Fluid and Electrolyte Imbalance: Serum and urine electrolyte determinations are particularly important when the patient is vomiting excessively or receiving parenteral fluids. Warning signs or symptoms of fluid and electrolyte imbalance, irrespective of cause, include dryness of the mouth, thirst, weakness, lethargy, drowsiness, restlessness, muscle pains or cramps, muscular fatigue, hypotension, oliguria, tachycardia, and GI disturbances such as nausea and vomiting. Hyperkalemia may occur in patients with impaired renal function or excessive potassium intake and can cause cardiac irregularities, which may be fetal. Consequently, no potassium supplement should ordinarily be given with spironolactone.
Hyperchloremic Metabolic Acidosis: Reversible hyperchloremic metabolic acidosis, usually in association with hyperkalemia, has been reported to occur in some patients with decompensated hepatic cirrhosis, even in the presence of normal renal function.
Hyponatremia: Dilutional hyponatremia, manifested by dryness of the mouth, thirst, lethargy, and drowsiness, and confirmed by a low serum sodium level, may be caused or aggravated, especially when spironolactone is administered in combination with other diuretics, and dilutional hyponatremia may occur in edematous patients in hot weather; appropriate therapy is water restriction rather than administration of sodium, except in rare instances when the hyponatremia is life-threatening.
Gynecomastia: Gynecomastia may develop in association with the use of spironolactone. The development of gynecomastia appears to be related to both dosage level and duration of therapy and is normally reversible when spironolactone is discontinued. In rare instances, some breast enlargement may persist when spironolactone is discontinued.
Renal Effects: Spironolactone therapy may cause a transient elevation of serum urea nitrogen (BUN), especially in patients with preexisting renal impairment. Spironolactone may cause mild acidosis.

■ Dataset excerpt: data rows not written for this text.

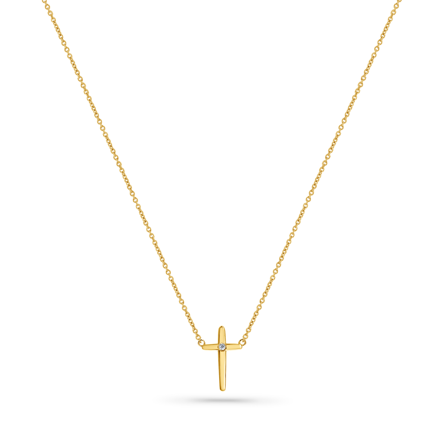 Your new everyday shine our Sculptural Diamond Cross Necklace features a sleek, sculptural cross accented with a single diamond at its center. Minimal, modern, and designed to catch light from every angle. The solid 14K Gold cable chain lays softly against the skin, giving the piece that easy, wear-forever feel Babygold is known for.
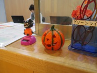 3階受付前には今月末にあるハロウィンの小物や柿や落ち葉などでお客様の目を楽しんでもらえるようにしております♪
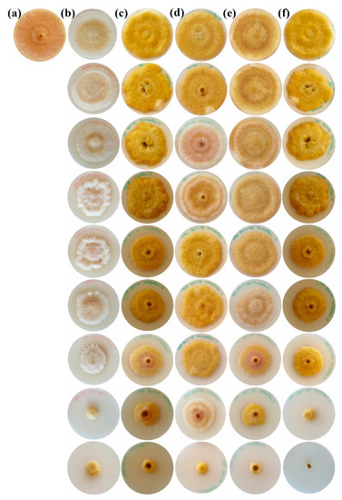 Sensitivity test. Radial growth of mycelium for: (a) control (PDA), (b) COS only, (c) COS–Cys, (d) COS–Gly, (e) COS–Pro, (f) COS–Tyr. From top to bottom: 62.5, 93.75, 125, 187.5, 250, 375, 500, 750, 1000 and 1500 µg·mL−1. Only one replicate is shown.
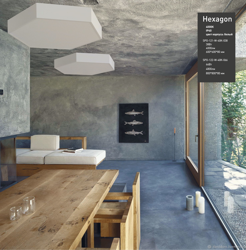 Характеристики Светильник LED ЭРА Geometria SPO-122-W-40K-066 Hexagon 66Вт 4000К 4800Лм IP40 800*800*80 белый подвесной:
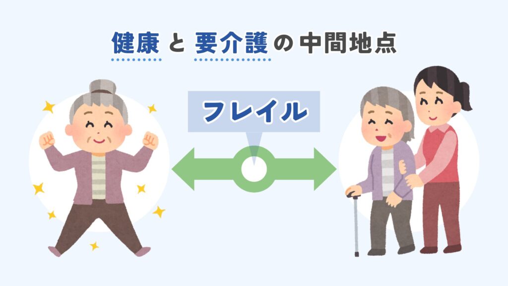 多くの場合、このフレイルの状態を経て要介護状態に進むと考えられています。つまり、「健康と要介護の中間地点」=「フレイル」というイメージです。

Hepatic function impairment: Spironolactone should be used with caution in patients with impaired hepatic function because minor alterations of fluid and electrolyte balance may precipitate hepatic coma.

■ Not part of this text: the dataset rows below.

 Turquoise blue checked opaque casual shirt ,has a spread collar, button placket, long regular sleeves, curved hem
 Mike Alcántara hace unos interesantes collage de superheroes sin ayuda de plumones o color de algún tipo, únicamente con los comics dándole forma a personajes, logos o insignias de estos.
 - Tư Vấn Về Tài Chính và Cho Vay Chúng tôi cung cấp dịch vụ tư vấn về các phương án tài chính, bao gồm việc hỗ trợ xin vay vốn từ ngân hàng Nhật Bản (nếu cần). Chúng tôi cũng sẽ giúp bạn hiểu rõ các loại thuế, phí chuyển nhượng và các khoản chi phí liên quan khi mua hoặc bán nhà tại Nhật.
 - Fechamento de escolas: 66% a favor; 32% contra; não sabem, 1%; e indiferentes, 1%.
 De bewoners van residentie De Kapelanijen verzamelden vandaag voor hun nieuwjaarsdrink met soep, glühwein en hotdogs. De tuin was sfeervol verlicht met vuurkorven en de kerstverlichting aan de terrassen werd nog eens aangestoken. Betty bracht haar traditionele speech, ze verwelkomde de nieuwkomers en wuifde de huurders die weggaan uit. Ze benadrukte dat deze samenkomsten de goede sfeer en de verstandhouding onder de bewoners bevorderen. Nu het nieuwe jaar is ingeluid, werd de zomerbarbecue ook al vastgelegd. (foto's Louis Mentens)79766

GI Effects: Anorexia, nausea, vomiting, diarrhea, abdominal cramping, gastritis, gastric bleeding, and ulceration have occurred during spironolactone therapy.

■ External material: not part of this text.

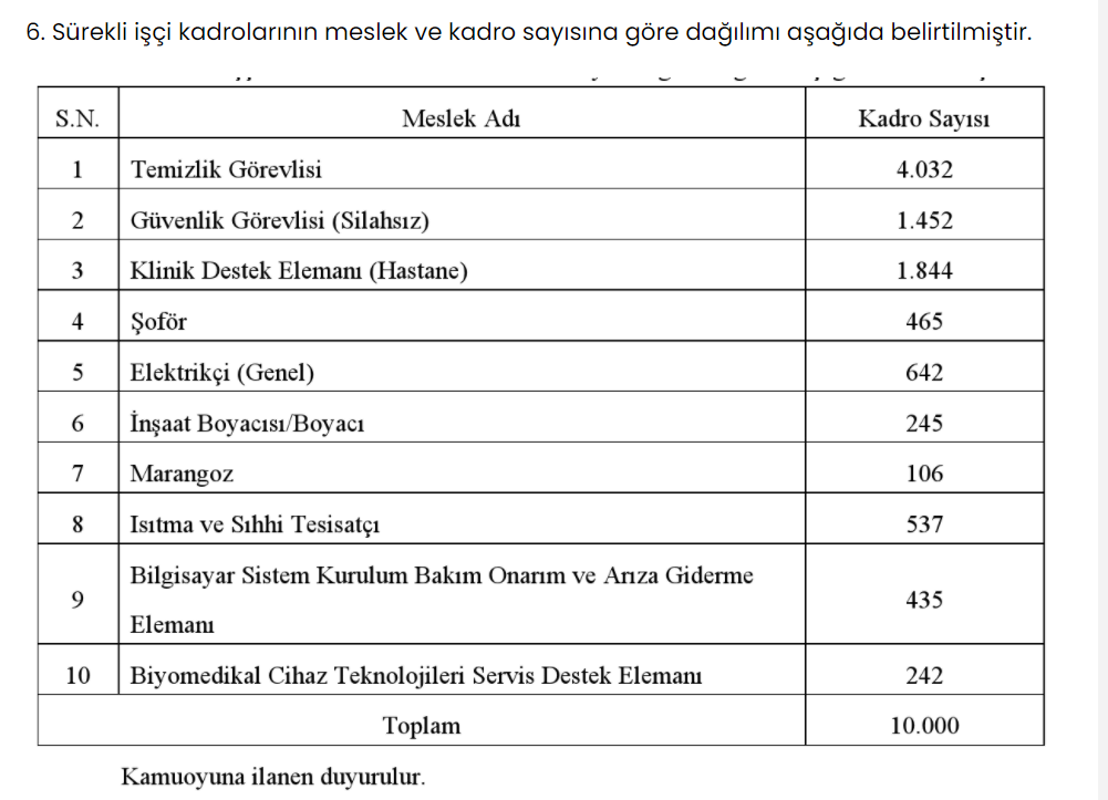 10 BİN İŞÇİ ALIMINDA KADRO DAĞILIMI

Nervous System Effects: Headache, drowsiness, lethargy, ataxia, mental confusion, and fever have occurred during spironolactone therapy. In addition, severe fatigue and lassitude have been associated with the rapid and profound weight loss that occurs at the start of high-dose spironolactone therapy in patients with primary aldosteronism.
Dermatologic and Sensitivity Reactions: Maculopapular and erythematous rashes (sometimes accompanied by eosinophilia), anaphylactic reaction, vasculitis, and urticarial have been reported rarely in patients receiving spironolactone.
Mutagenicity and Carcinogenicity: Canrenone, a major metabolite of spironolactone, and canrenoic acid are the major metabolites of potassium canrenoate. In tests using bacteria or yeast and in an in vivo mammalian system, potassium canrenoate was not mutagenic; however, it did produce a mutagenic effect in several in vitro tests in mammalian cells following metabolic activation.
Spironolactone has been shown to be tumorigenic in chronic toxicity studies in rats. Studies in rats using spironolactone dosage 25-250 times the usual human dosage resulted in a dose-related increase in benign adenomas of the thyroid and testes, a dose-related increase in proliferative changes in the livers of male rats, and an increase in malignant mammary tumors in female rats. At dosages 250 times the usual human dosage, hepatocellular carcinoma, hepatocytomegaly, and hyperplastic nodules were reported in rats. At dosages greater than 20 mg/kg daily, a dose-related incidence of myelocytic leukemia was observed in rats receiving potassium canrenoate in their diet for one year. In rats receiving potassium canrenoate for 2 years, myelocytic leukemia and hepatic, thyroid, testicular, and mammary tumors were observed. In chronic toxicity studies in rats using spironolactone dosages up to 250 times the usual human dosage, an increased incidence of leukemia was not observed.